Nuns were giving a lecture, they asked me a question, I didn’t know the answer, see I didn’t study the answers, nor was I following along in the book since I had all my answers already. I didn’t know the answer, so again, the older nun came to the back of the class. Saw that I had all the lesson in my workbook done. I was proud of myself at this moment in time, til the nun asked “how was my lesson done, if I don’t know the answers to some of the easiest questions out of the book?”
“I don’t know” was so the wrong answer. Again, I got the yardstick to the knuckles. I don’t know how none of my knuckles broke under the impact of that yardstick. Instead of being a nun, she should had gone play professional baseball because she sure had a swing to her.
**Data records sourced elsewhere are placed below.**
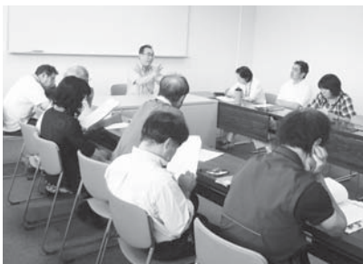
「語り部養成講座」で熱心に話を聞く受講者

新田水路が生活している地域です。地域内には、5世紀後半に構築された県下最大級の馬塚古墳をはじめとする多くの文化遺産が残り、美しい自然を感じられる地域です。 まちづくり委員会では、美旗地域の10年、20年先の将来像を示す地域ビジョン「みはた・ミュージアム・マスタープラン」の中で、古墳群を含む自然環境の有効活用を掲げています。昨年は、古墳のことをより多くの人に知っていただくことと、子どもたちにも理解できる案内板を7つの古墳に設置しました。 また、史跡整備事業だけでなく、今年度は、美旗市民センターと共催で、美旗を訪れる皆さんに美旗の魅力を発信する「美旗の語り部」を養成する講座を開催しています。自分
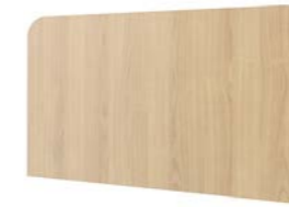
Design Df Kopf-/Fußteil

Wir empfehlen ein Originalmuster für die endgültige Farbauswahl zu verwenden, da die Farben von den gedruckten Abbildungen abweichen können.
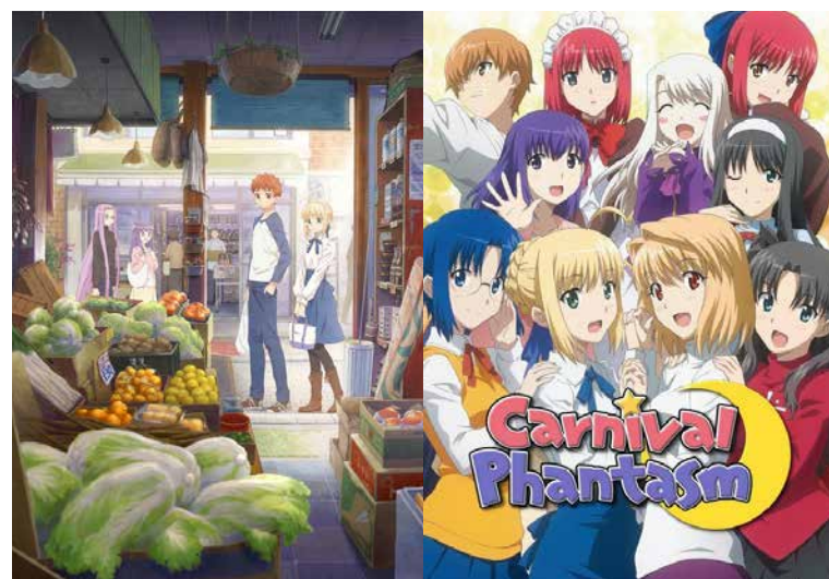
Carnival Phantasm (2012)

Itt több különálló címmel találkozhatunk. Mivel itt nincs időrend, a sorrend betűrend szerintire vált.
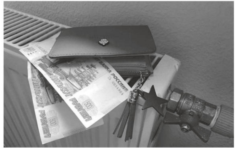
Республиканский тариф на тепло вернут на уровень среднего по ЮФО.

— Мы должны признать, что тарифы в сфере теплоснабжения в Республике Крым выше, чем в других субъектах ЮФО. Принято решение, и на этапе подписания находится поручение, которым с 1 сентября текущего года планируется снизить планку предельного тарифа на тепловую энергию с 3 тысяч до 2300 (вместе с НДС. — Ред. ). Это приблизительно соответствует и
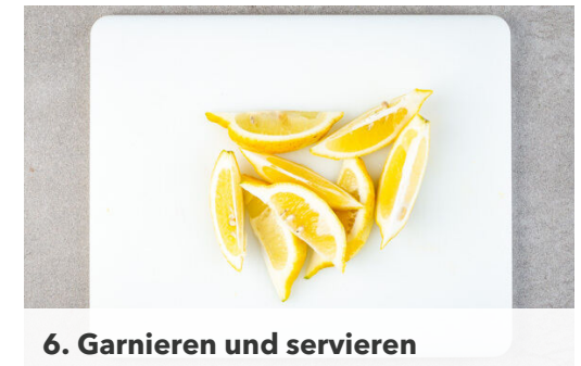
6. Garnieren und servieren

Die Zitronenschale zur Hälfte abreiben und mit der ½ der Harissapaste vermengen. Den Fisch mit kaltem Wasser abspülen, trocken tupfen und evtl. vorhandene Gräten mit einer Pinzette entfernen. Den Fisch mit der Haut nach unten auf das Ofengemüse legen, mit der Zitronen-Harissa bestreichen und das Gemüse weitere 7-10Min. rösten, bis auch der Fisch gar ist.
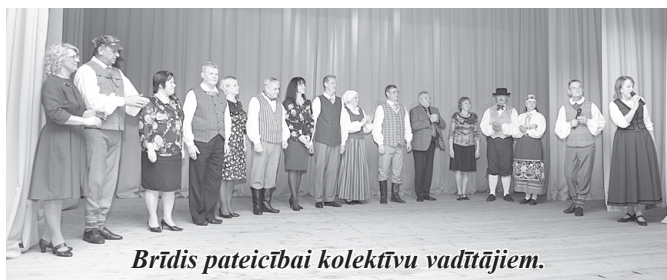
Brīdis pateicībai kolektīvu vadītājiem.

nes, deju kolektīvs “Kūmas” no Viļāniem un deju kolektīvs no Igaunijas.
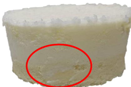
พบมูสมะพร้าวบนฐานชั้นสปองจ์วานิลลา
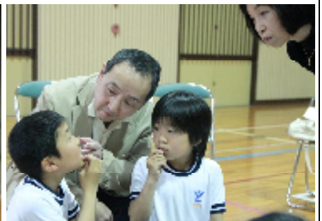
しかえいせいけんきゅうしょしかえいせいし はくち けんこうきょうしつ がっこうい ライオン歯科衛生研 究所 歯科衛生士さんの「歯と口の健康教室」で、学校医
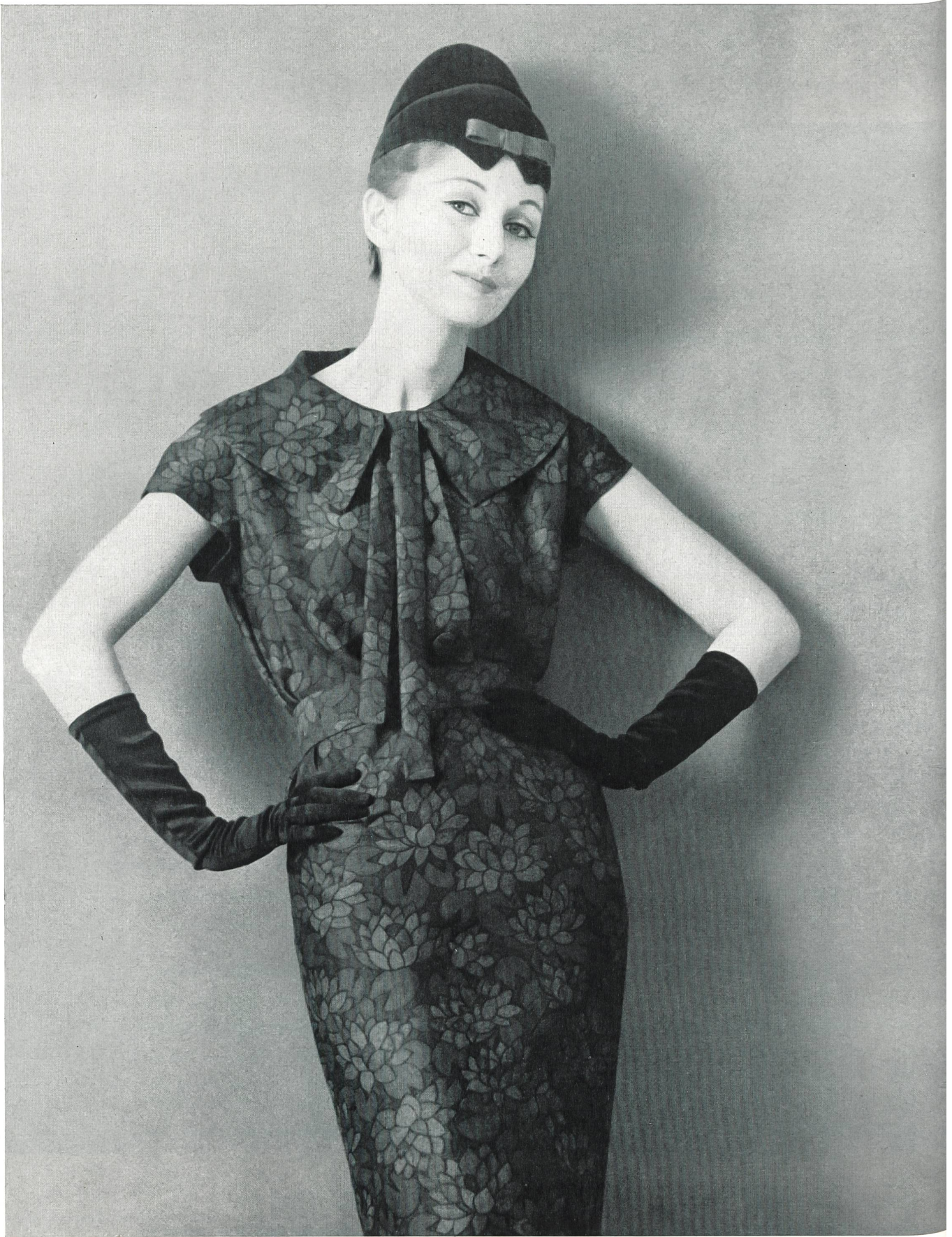
PIERRE CARDIN Soielaine « Miranda » de Reichenbach & Co., Saint-Gall Distribué par Montex, Paris
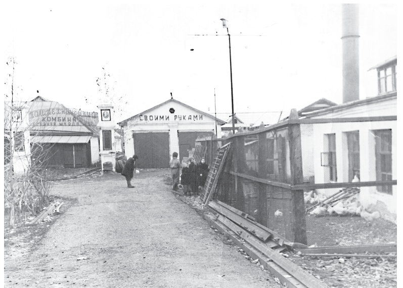
Политехнический комбинат школы №17.

«15 республик - 15 сестёр» - один из ежегодных праздников. Каждый класс представлял республику. А какие спектакли ставили! «Ревизора» Н.В. Гоголя, «Женитьбу Бальзамина» А.Н. Островского. Костюмы сами шили. А потом ездили по деревням и показывали эти спектакли.
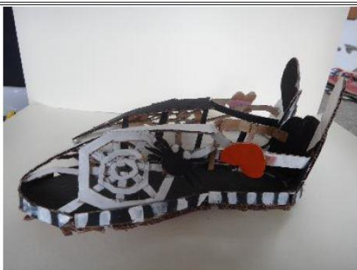
創意玩紙鞋-學生作品
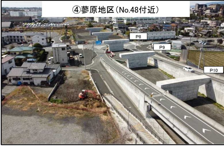
④蓼原地区(No.48付近) P8・P9・P10橋脚 令和4年2月 施工完了
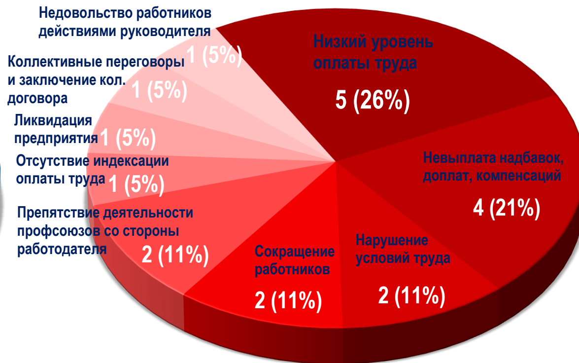
Диаграмма 5. Причины актуальных СТК за истекшую неделю 1

That night, upon being picked up, the nun walked me out to the car, dragging me to the car as though I was some sort of a heathen and told the female parent that I was being disobedient during class. I tried making female parent understand that I was not being disobedient or disrespectful during the class, I was just trying to stay out of trouble. Yep, I felt the wrath of female parent several times that night for what I had supposedly done.
Another chapter in the life of me. Not all that exciting I know, but it gives insight to how I tried to stay out of trouble, yet always was in trouble.
PS In no way am I speaking ill of nuns or the Catholic church, just sharing another way, I was always able to find trouble without even trying. Yea, even then, I couldn’t win for losing so to speak.